Well, I guess it was bound to happen eventually. Looks pretty cool too....

http://cgi.ebay.com/ebaymotors/Rout...temZ280586654508QQptZLHQ5fDefaultDomainQ5f210

Anybody live near there that can run by and check it out?


----------



## routan (Aug 2, 2010)

vwbugstuff said:


> Well, I guess it was bound to happen eventually. Looks pretty cool too....
> 
> http://cgi.ebay.com/ebaymotors/Rout...temZ280586654508QQptZLHQ5fDefaultDomainQ5f210
> 
> Anybody live near there that can run by and check it out?



That is too cool!


----------



## Cool Dub (Aug 25, 2010)

*Westfalia Routan vs Hatch tent $*

That is a camper special and ouch..Approximately *US $58,755.26* 


I think the VW tent hatch attachment is a little better value. $289.00

http://www.youtube.com/watch?v=d9b_Qw2zNGg


----------



## blizno (Dec 11, 2009)

Not for almost 60K! Buy a used trailer or motorhome for that price.

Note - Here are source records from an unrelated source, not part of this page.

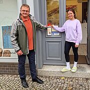 Brigita Enns, Inhaberin der Salzgrotte, und Bürgermeister Olaf Meining bringen den Konzept-Aufkleber an
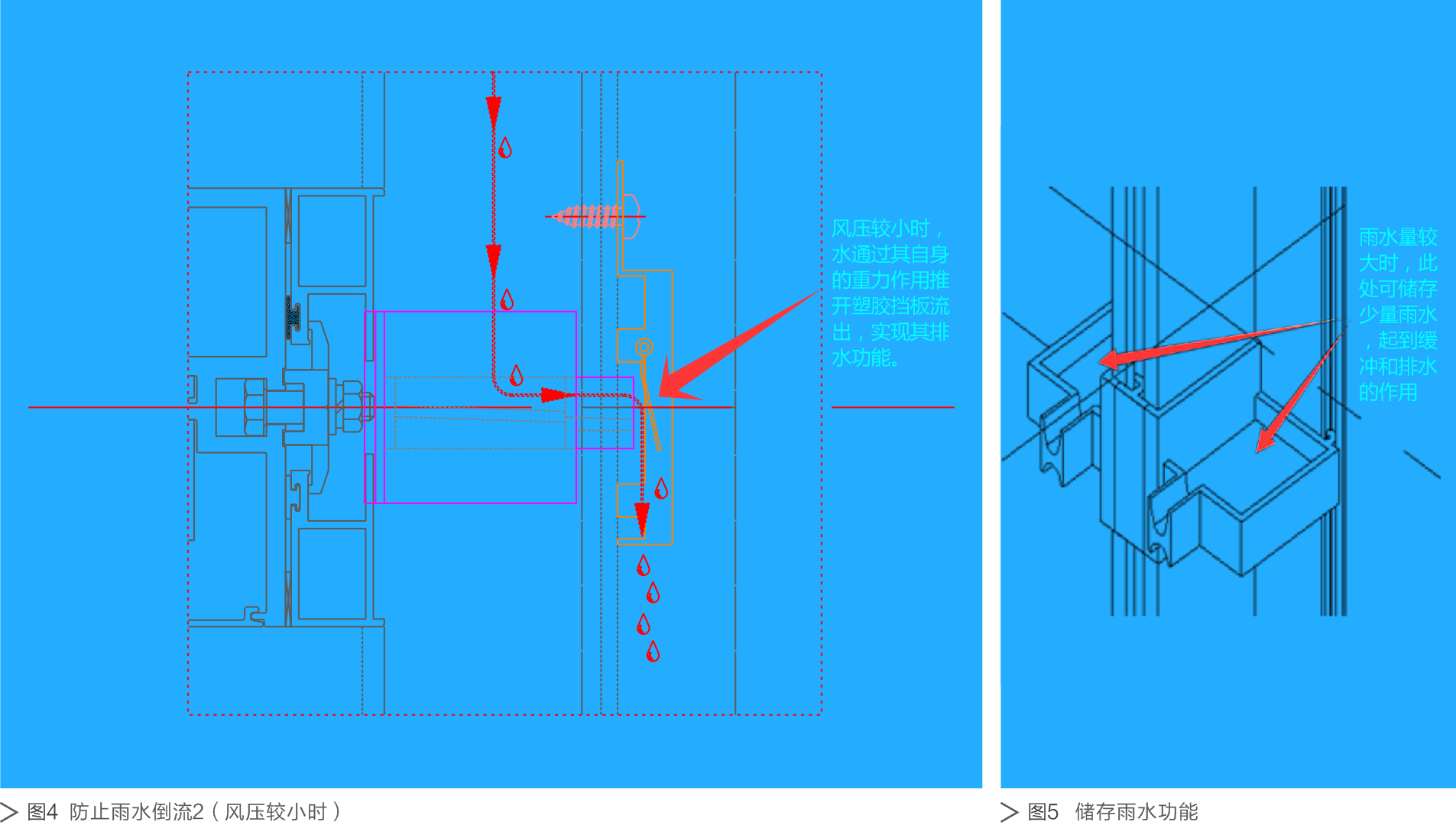 这种方法虽然在一定程度上能够缓解幕墙漏水问题,但是却又存在储水量固定、腐蚀以及进一步渗漏的问题,在国内这种方法应用较少。
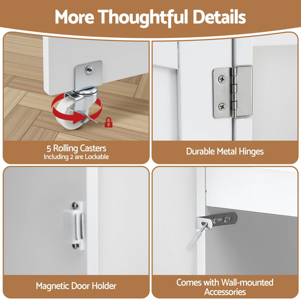 Revolutionize your creative space with this versatile folding sewing and craft table. Designed to be a compact solution for any home, it effortlessly folds out to reveal a spacious work surface and ample storage, including three storage bins and a shelf. Its five smooth-rolling wheels allow you to move your entire workstation anywhere you need, making it an ideal, multi-functional addition to your home for all your crafting, sewing, office or any other needs.
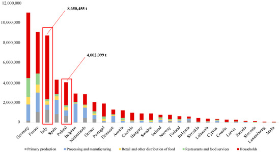 Food waste (t) per country and per supply chain stage in Europe in 2020. Source: Personal elaboration by the authors on Eurostat [4]. Data were estimated according to the different measurement methodologies suggested by the Commission Delegated Decision (EU) 2019/1597 [26], and comparability was guaranteed by reporting food waste in its fresh mass weight.
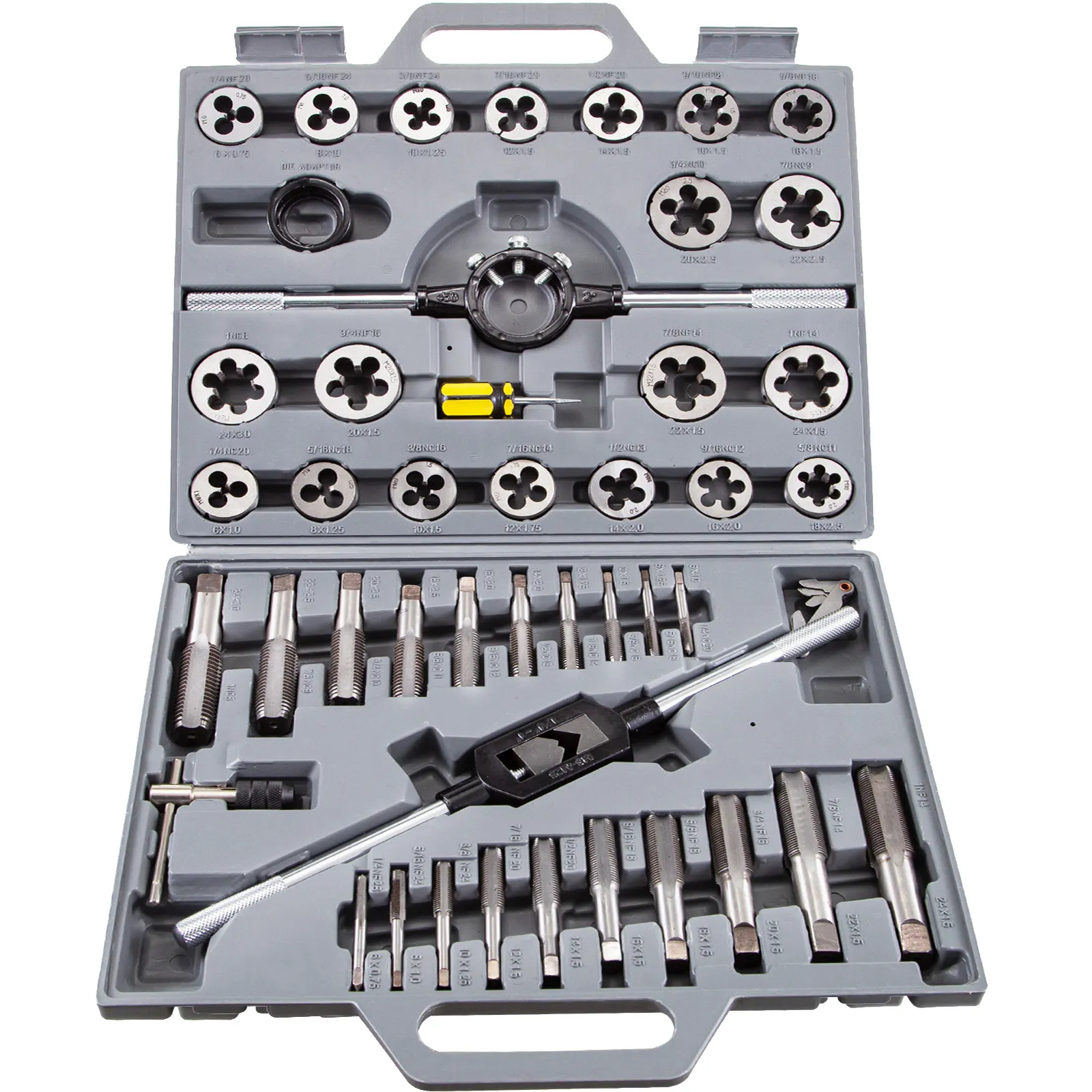 El juego de machos y matrices de 45 piezas (pulgadas) está hecho de acero al carbono. Incluye 20 machos y 20 matrices. Varían de 3/4 de pulgadas a 3 pulgadas. Estos machos de roscar y matrices de tapón cónico son el estilo más utilizado. Podemos usarlos para cortar material nuevo o perseguir hilos ligeramente dañados. Estos machos de roscar y troqueles cortan acero al carbono y aleado, acero inoxidable, hierro fundido, aluminio, latón y bronce.
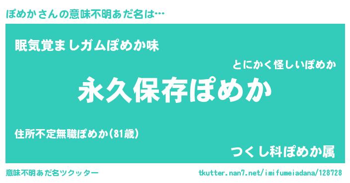 | 胡散臭い通販商品みたいなあだ名 | 『来世でも幸せになれる健康食品…その名も「ぽめか」』 |
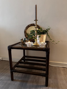 no 2 de 2 : 1970 mid century TABLE D'ACCOMPAGNEMENT table basse bambou osier verre
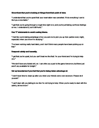 • Try to use “I” statements instead of casting blame. For example, you could say “I feel like you take for granted how often I help you with work projects, even though we don’t work for the same company.”[9]
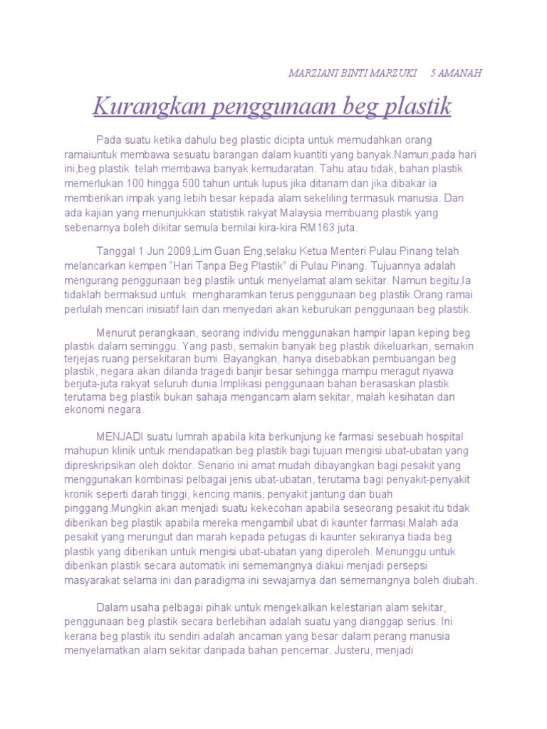 Doc Bahaya Penggunaan Beg Plastik Kesedaran Masyarakat Tahap Kritikal Suzana Yusof Academia Edu
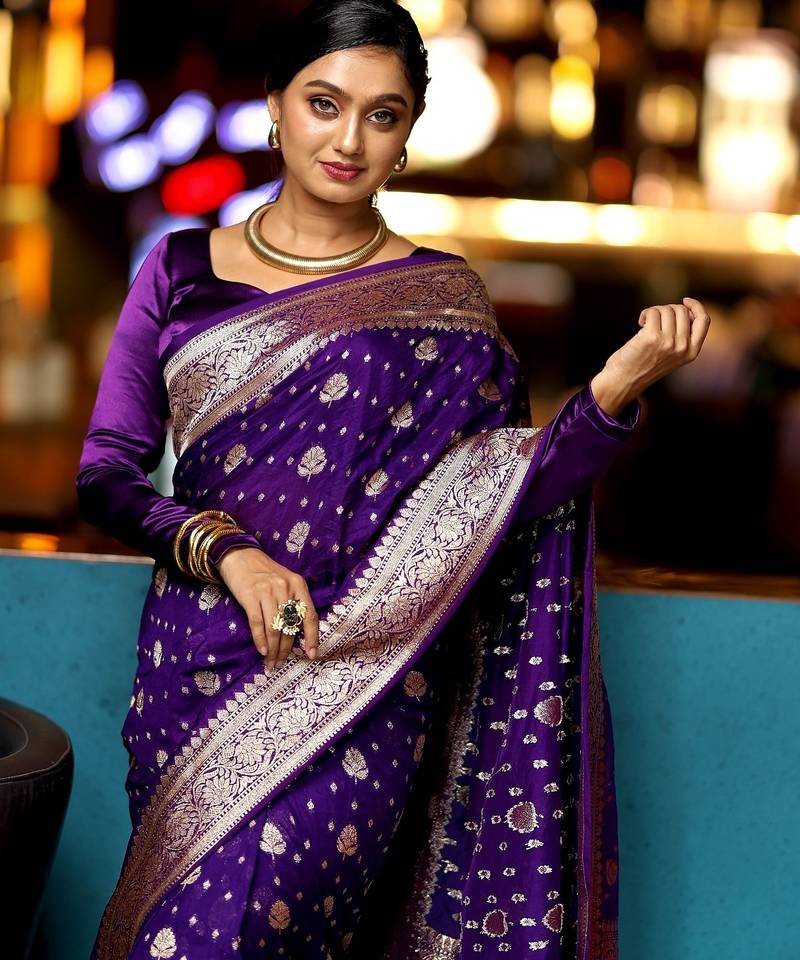 Saree : Color- Purple / Fabric- Banarasi Silk
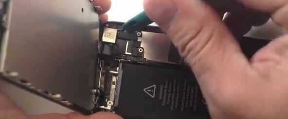Con la herramienta abridor caso, desconecte la batería. Subir tu camino y encontrarás los cables de conexión de la LCD, digitalizador y Asamblea de la cámara de frente. Desconéctelos todos de la conexión de tablero de la lógica.
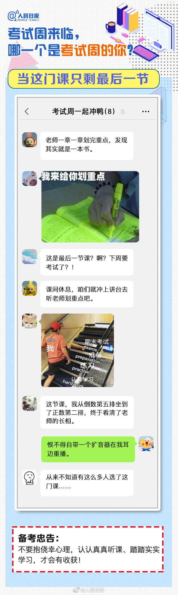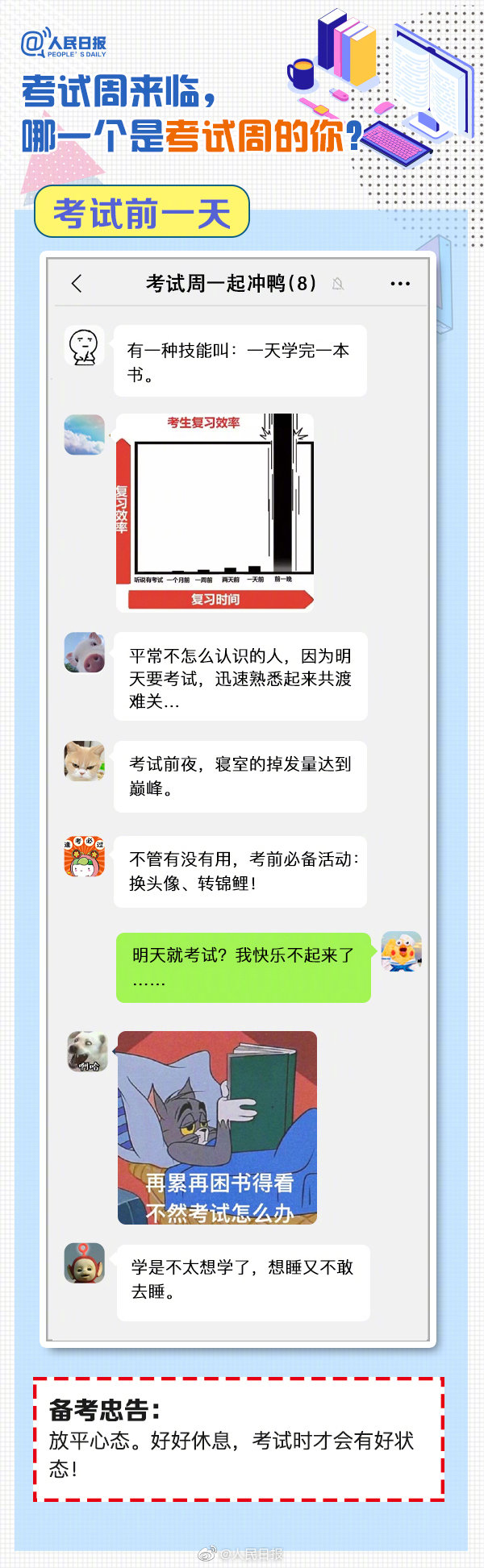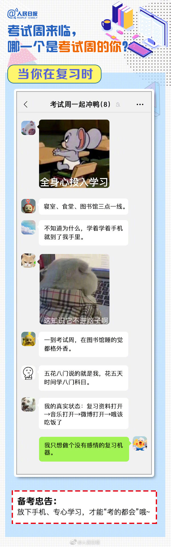 又到考試周,復習中的你,狀態(tài)如何?“寢室、食堂、圖書館三點一線”、“一天學完一本書”、“復習到頭禿”…這是考試周的你嗎?

I can just swap my rooftop tent from the Land Cruiser to the Routan...Done!


----------



## OkieRoutan (Nov 5, 2010)

I knew a couple, who had both retired as E-9's from the Army, who had a big "motorcoach", and pulled a VW camper bus (whatever that style was called). They would park the big rig somewhere, and make shorter excursions in the VW. Pretty good idea, as it kept them from having to get the big rig and tow vehicle into crowded touristy places, as well as being able to make an overnight trip or two, in some more remote places. Of course, they were pulling down some major bucks, between two "full-pay" retirements... Must be nice!!


----------



## OkieRoutan (Nov 5, 2010)

OkieRoutan said:


> I knew a couple, who had both retired as E-9's from the Army, who had a big "motorcoach", and pulled a VW camper bus (whatever that style was called). They would park the big rig somewhere, and make shorter excursions in the VW. Pretty good idea, as it kept them from having to get the big rig and tow vehicle into crowded touristy places, as well as being able to make an overnight trip or two, in some more remote places. Of course, they were pulling down some major bucks, between two "full-pay" retirements... Must be nice!!


 Oh, BTW... if I had the 60K, to drop on something... this would be a sweet little ride.


----------



## OkieRoutan (Nov 5, 2010)

OkieRoutan said:


> Oh, BTW... if I had the 60K, to drop on something... this would be a sweet little ride.


 Oh yeah... also, for that price, it needs a toilet!


----------